** TASK ITEM **
Copy out the listing in full, exactly as written, but not its pictures.

** MATERIAL FOR THIS EXERCISE **

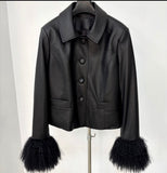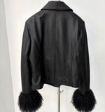 Smooth black leather, clean front closure, tailored body, dramatic textured cuff sleeves, fully lined.
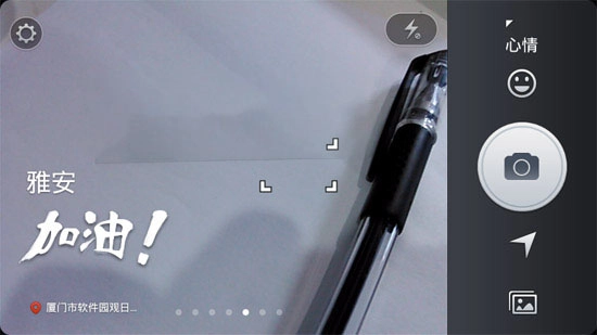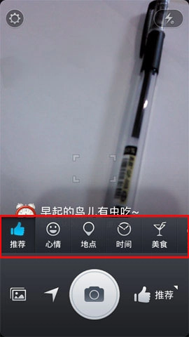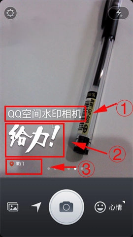 2、界面和手机系统自带的相机差不多,主要多了水印功能。用户可以通过左右滑动手机屏幕来选择水印,腾讯水印相机提供了心情、地点、时间、美食、天气五大类别的水印供用户使用。
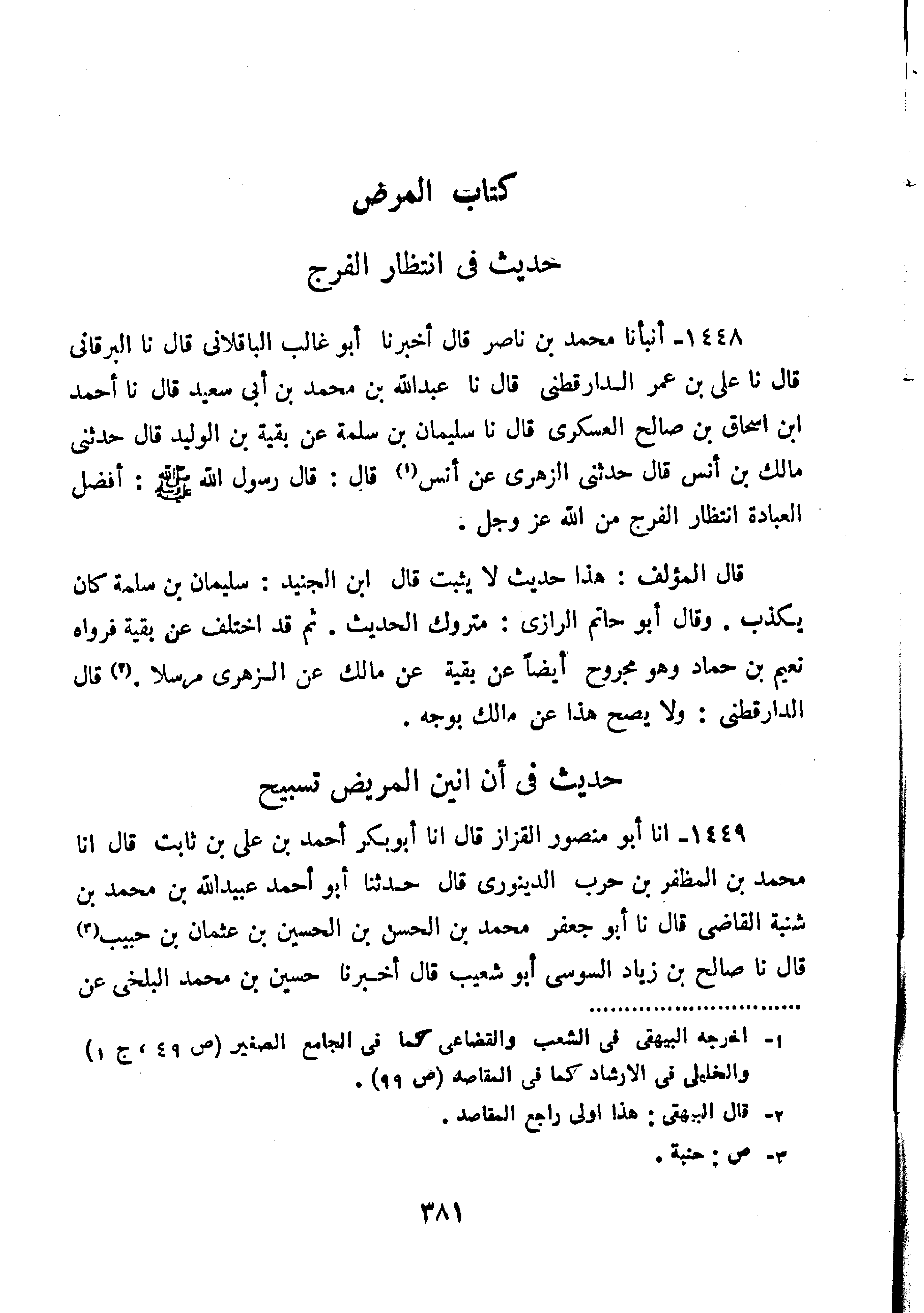 1448-أَنْبَأَنَا مُحَمَّدُ بْنُ نَاصِرٍ قَالَ أَخْبَرَنَا أَبُو غَالِبٍ الْبَاقِلَّانِيُّ قَالَ نا الْبَرْقَانِيُّ قَالَ نا عَلِيُّ بْنُ عُمَرَ الدَّارَقُطْنِيُّ قَالَ نا عَبْدُ اللَّهِ بْنُ مُحَمَّدِ بْنِ أَبِي سَعِيدٍ قَالَ نا أَحْمَدُ بْنُ إِسْحَاقَ بْنِ صَالِحٍ الْعَسْكَرِيُّ قَالَ نا سُلَيْمَانُ بْنُ سَلَمَةَ عَنْ بَقِيَّةَ بْنِ الْوَلِيدِ قال حدثني مالك بن يروي قَالَ حَدَّثَنِي الزُّهْرِيُّ عَنْ أَنَسٍ قَالَ: قَالَ رَسُولُ اللَّهِ صَلَّى اللَّهُ عَلَيْهِ وَسَلَّمَ: "أَفْضَلُ الْعِبَادَةِ انْتِظَارُ الْفَرَجِ مِنَ اللَّهِ عَزَّ وَجَلَّ".
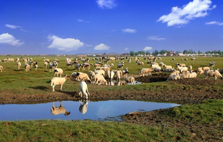 由駱駝山向南,進(jìn)入通湖草原。這里群沙環(huán)抱,綠草如茵,平湖如鏡,藍(lán)天白云之下,牧村、敖包、群群牛羊點綴其間,妙趣天成,如一塊碧玉鑲嵌在浩瀚沙海之中。
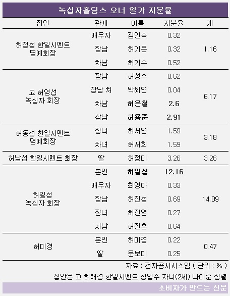지배구조의 정점에 있는 허일섭 일가는 측근 임원의 지분을 더하면 우호지분율이 18.96%에 달하지만, 큰집인 고 허영섭 일가도 재단 보유분을 합치면 우호지분이 12.65%로 높아진다.
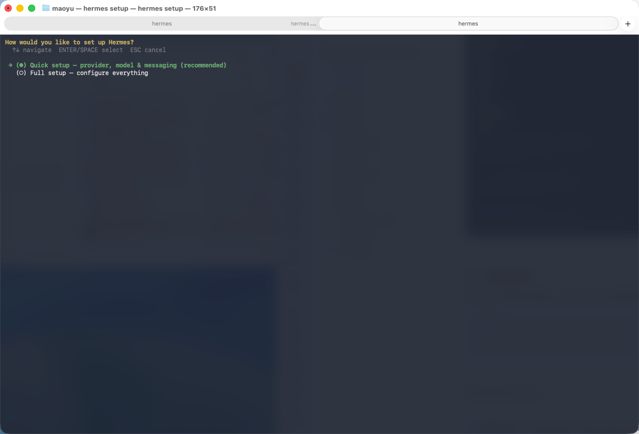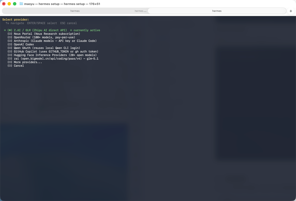 Hermes 不绑定任何模型。后续如果切换模型运行以下命令选择你的 LLM 供应商:
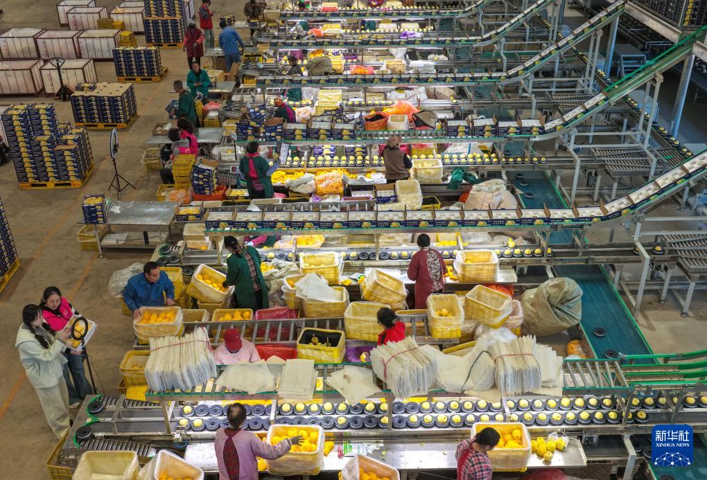 11月10日,工作人員在山東省榮成市城西街道一家企業(yè)分揀蘋果。
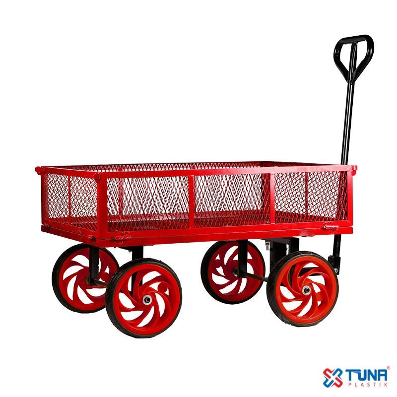 Açıklama : Bu ürünümüz, şasesi güçlendirilmiş kalın özel profil boru, L demir ve çelik teller ile güçlendirilerek statik fırın boya yöntemi ile kırmızı renkte üretilmiştir. Ürünümüz, tekerlekleri plastik jant havalı, midilli kauçuk, pvc kauçuk ve kauçuk seçenekleriyle sunulmaktadır. Bu ürünümüz, zeminine 4 adet meyve kasası yerleştirilebilecek standartlarda tasarlanmıştır. Sera, bağ, bahçe, sanayi, inşaat alanlarında kasa, saman, balya, çuval, odun, kömür gibi malzemeleri taşımada esnek ve ergonomik yapısıyla yıllarca kullanabileceğiniz ürünümüz size ve işinize kolaylık sağlar.
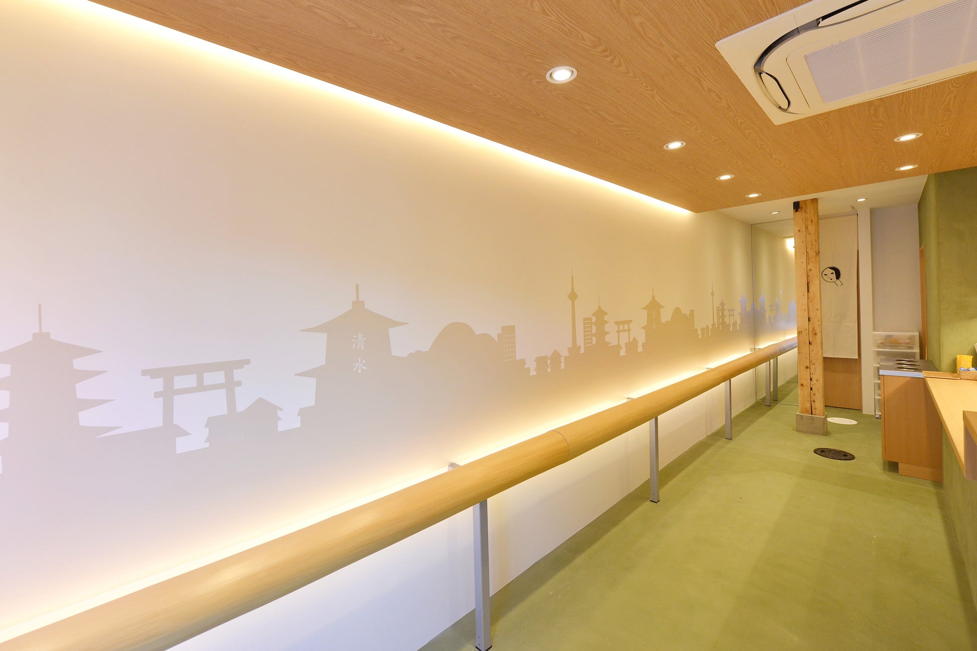抹茶色で温かみのある店内には、京都の街並みが描かれた壁紙も。完成したパフェやカプチーノと一緒に撮影をしていただけます。2軒先の肌ケアアイテムなどが購入できる「よーじや 清水店」と一緒に旅の思い出をつくりませんか。
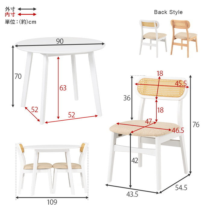 | 商品説明 | ■組立式 ラタン調背もたれのチェアと丸テーブルが可愛いダイニング3点セット。コンパクトで場所を取らず置きやすいサイズ感。 |
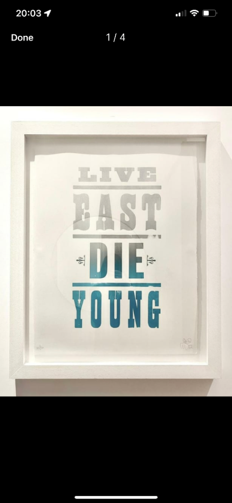 Posting for 3+ yearsPure Evil Limited Edition "Live East Die Young" Print: Signed & Framed
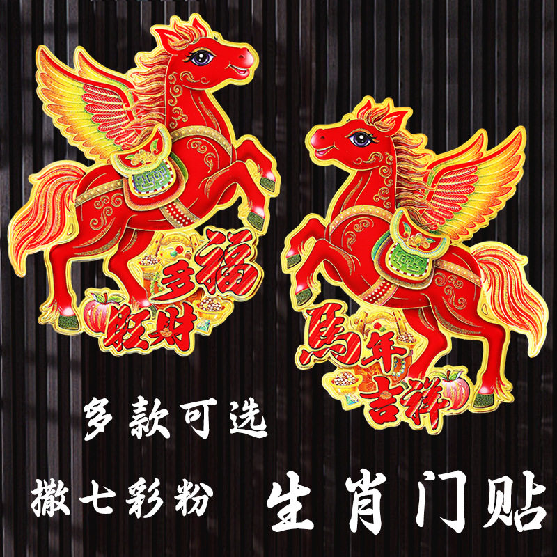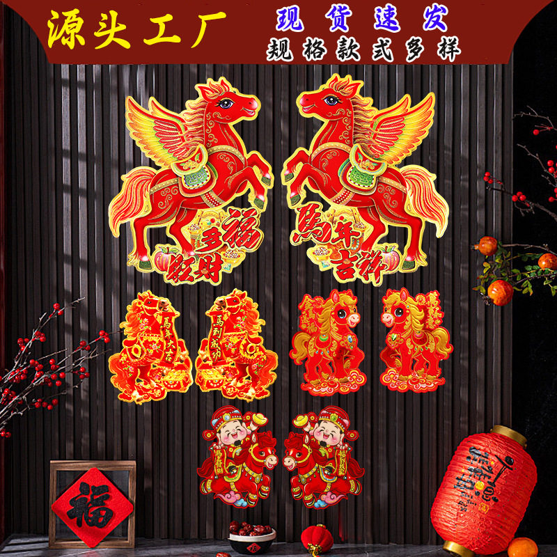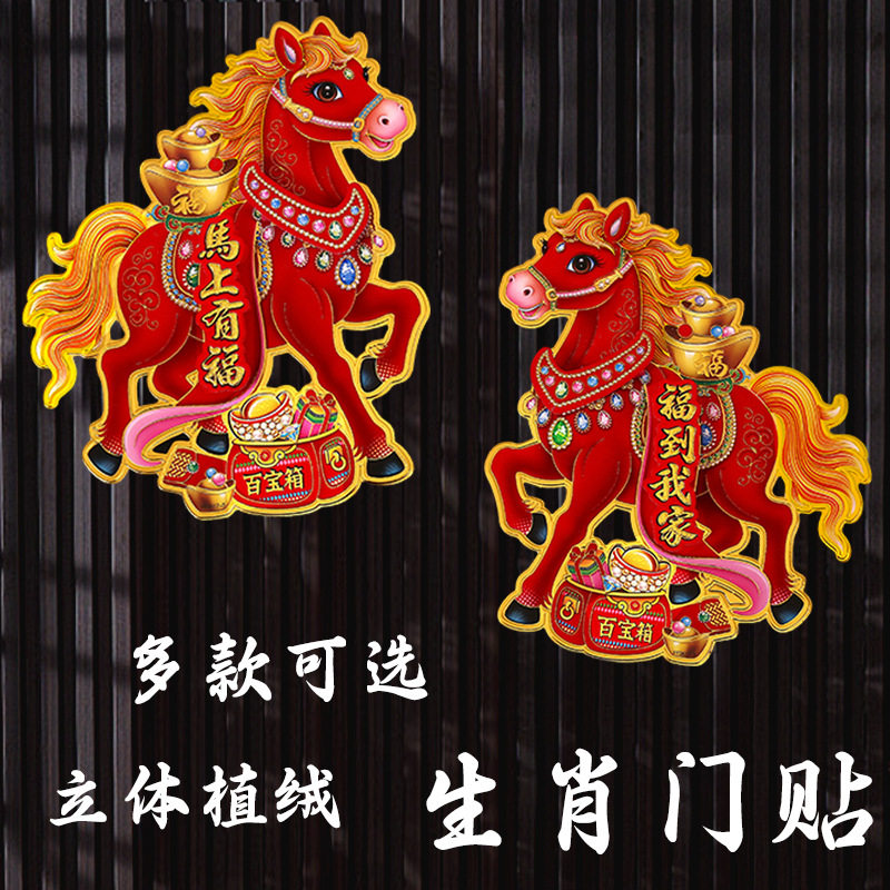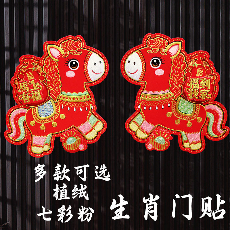 📚 爱都马年生肖対贴2026新款卡通植绒立体镂空春节过年装饰布置门画
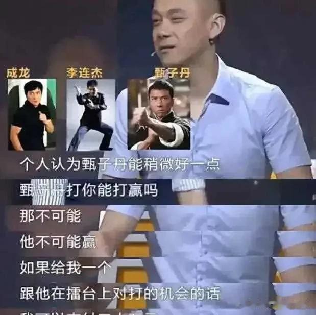 在节目中,鲁豫问吴京:“你能打赢洪金宝、甄子丹和李连杰吗?”吴京笑了笑说:“甄子丹真打不过,能打过洪金宝和李连杰。”鲁豫不理解的问道:“为什么?” 面对鲁豫,吴京说出了自己的想法:“因为现在洪金宝和李连杰都老了,如果再早十年,我也打不赢。” 原来如此,估计洪金宝和李连杰也没有想到自己会吃年龄的亏。 当然,这也从另一方面说明了吴京这个人情商很高,在这个如同“妈妈和妻子共同掉到水里先救谁?”这个送命题中,完美的突围。 不过,洪金宝、李连杰和甄子丹这三个人到底谁厉害呢? 这个问题曾经涂磊在节目中也问过一个资深武行,这名资深武行的回答是:就实战而言,甄子丹最厉害,因为甄子丹练过跆拳道。 他直言,我们练套路的人去跟散打打,比如说我练了十年的套路,他只练了一年的散打,那么我也绝对不可能是他的对手。 不过他也说,就表演而言,李连杰的身法动作更漂亮。 这个问题回答起来确实有点难,不过也有网友调侃,其实他们都不厉害,马云最厉害,因为《功守道》中甄子丹、李连杰和吴京分别是几个功夫高人,但在马云的梦里全被他打败了。 不得不说,还是网友见解独到!

** OUTPUT FOR THIS TASK **
 Smooth black leather, clean front closure, tailored body, dramatic textured cuff sleeves, fully lined.
 2、界面和手机系统自带的相机差不多,主要多了水印功能。用户可以通过左右滑动手机屏幕来选择水印,腾讯水印相机提供了心情、地点、时间、美食、天气五大类别的水印供用户使用。
 1448-أَنْبَأَنَا مُحَمَّدُ بْنُ نَاصِرٍ قَالَ أَخْبَرَنَا أَبُو غَالِبٍ الْبَاقِلَّانِيُّ قَالَ نا الْبَرْقَانِيُّ قَالَ نا عَلِيُّ بْنُ عُمَرَ الدَّارَقُطْنِيُّ قَالَ نا عَبْدُ اللَّهِ بْنُ مُحَمَّدِ بْنِ أَبِي سَعِيدٍ قَالَ نا أَحْمَدُ بْنُ إِسْحَاقَ بْنِ صَالِحٍ الْعَسْكَرِيُّ قَالَ نا سُلَيْمَانُ بْنُ سَلَمَةَ عَنْ بَقِيَّةَ بْنِ الْوَلِيدِ قال حدثني مالك بن يروي قَالَ حَدَّثَنِي الزُّهْرِيُّ عَنْ أَنَسٍ قَالَ: قَالَ رَسُولُ اللَّهِ صَلَّى اللَّهُ عَلَيْهِ وَسَلَّمَ: "أَفْضَلُ الْعِبَادَةِ انْتِظَارُ الْفَرَجِ مِنَ اللَّهِ عَزَّ وَجَلَّ".
 由駱駝山向南,進(jìn)入通湖草原。這里群沙環(huán)抱,綠草如茵,平湖如鏡,藍(lán)天白云之下,牧村、敖包、群群牛羊點綴其間,妙趣天成,如一塊碧玉鑲嵌在浩瀚沙海之中。
지배구조의 정점에 있는 허일섭 일가는 측근 임원의 지분을 더하면 우호지분율이 18.96%에 달하지만, 큰집인 고 허영섭 일가도 재단 보유분을 합치면 우호지분이 12.65%로 높아진다.
 Hermes 不绑定任何模型。后续如果切换模型运行以下命令选择你的 LLM 供应商:
 11月10日,工作人員在山東省榮成市城西街道一家企業(yè)分揀蘋果。
 Açıklama : Bu ürünümüz, şasesi güçlendirilmiş kalın özel profil boru, L demir ve çelik teller ile güçlendirilerek statik fırın boya yöntemi ile kırmızı renkte üretilmiştir. Ürünümüz, tekerlekleri plastik jant havalı, midilli kauçuk, pvc kauçuk ve kauçuk seçenekleriyle sunulmaktadır. Bu ürünümüz, zeminine 4 adet meyve kasası yerleştirilebilecek standartlarda tasarlanmıştır. Sera, bağ, bahçe, sanayi, inşaat alanlarında kasa, saman, balya, çuval, odun, kömür gibi malzemeleri taşımada esnek ve ergonomik yapısıyla yıllarca kullanabileceğiniz ürünümüz size ve işinize kolaylık sağlar.
抹茶色で温かみのある店内には、京都の街並みが描かれた壁紙も。完成したパフェやカプチーノと一緒に撮影をしていただけます。2軒先の肌ケアアイテムなどが購入できる「よーじや 清水店」と一緒に旅の思い出をつくりませんか。
 | 商品説明 | ■組立式 ラタン調背もたれのチェアと丸テーブルが可愛いダイニング3点セット。コンパクトで場所を取らず置きやすいサイズ感。 |
 Posting for 3+ yearsPure Evil Limited Edition "Live East Die Young" Print: Signed & Framed
 📚 爱都马年生肖対贴2026新款卡通植绒立体镂空春节过年装饰布置门画
 在节目中,鲁豫问吴京:“你能打赢洪金宝、甄子丹和李连杰吗?”吴京笑了笑说:“甄子丹真打不过,能打过洪金宝和李连杰。”鲁豫不理解的问道:“为什么?” 面对鲁豫,吴京说出了自己的想法:“因为现在洪金宝和李连杰都老了,如果再早十年,我也打不赢。” 原来如此,估计洪金宝和李连杰也没有想到自己会吃年龄的亏。 当然,这也从另一方面说明了吴京这个人情商很高,在这个如同“妈妈和妻子共同掉到水里先救谁?”这个送命题中,完美的突围。 不过,洪金宝、李连杰和甄子丹这三个人到底谁厉害呢? 这个问题曾经涂磊在节目中也问过一个资深武行,这名资深武行的回答是:就实战而言,甄子丹最厉害,因为甄子丹练过跆拳道。 他直言,我们练套路的人去跟散打打,比如说我练了十年的套路,他只练了一年的散打,那么我也绝对不可能是他的对手。 不过他也说,就表演而言,李连杰的身法动作更漂亮。 这个问题回答起来确实有点难,不过也有网友调侃,其实他们都不厉害,马云最厉害,因为《功守道》中甄子丹、李连杰和吴京分别是几个功夫高人,但在马云的梦里全被他打败了。 不得不说,还是网友见解独到!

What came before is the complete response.